The cryptocurrency reached a record $40,797 a coin on Thursday, up 38% this year, helping fuel the market capitalization for all digital coins to above $1 trillion for the first time.
“The target technical upside of $35,000 has been exceeded,” Scott Minerd, managing director and global chief investment officer at Guggenheim Partners, which oversees $270 billion in assets, tweeted on Sunday evening. “Time to take some money off the table.”
Bitcoin was trading down 5.14% at $33,519 per coin on Monday afternoon after reaching a session low of $30,568. Rival cryptocurrencies including ethereum and litecoin were also lower.
Although Minerd thinks the recent run-up in prices has gotten out of control, he remains bullish over the long term.
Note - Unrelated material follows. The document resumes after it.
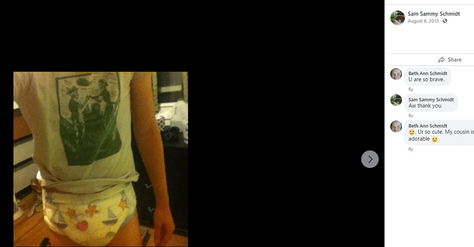 Facebook post by the man who the library said was her son on Facebook, this appears to be a man in a diaper.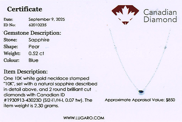Necklace included a Canadian diamond certificate.

Last month, he said the cryptocurrency should be worth about $400,000 per coin based on scarcity and other factors, including money printing by the Federal Reserve.
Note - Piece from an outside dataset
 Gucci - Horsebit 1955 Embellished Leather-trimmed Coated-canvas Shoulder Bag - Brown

Minerd wasn’t the only Wall Streeter to turn bullish on bitcoin in 2020. The cryptocurrency gained wider acceptance on Wall Street as it turned heads on Main Street.
Hedge fund manager Paul Tudor Jones said he was buying bitcoin as a hedge against inflation. Money managers Fidelity and MassMutual built their own stakes and BlackRock CEO Larry Fink said the cryptocurrency was on its way to becoming a bigger asset class.
Not everyone on Wall Street is bullish on bitcoin’s future.
Ray Dalio, the founder of Bridgewater Associates, the world’s largest hedge fund with $138 billion in assets, expressed concerns that due to its volatility, bitcoin is neither a very good store of wealth nor a medium of exchange.
He did, however, concede that he “might be missing something.”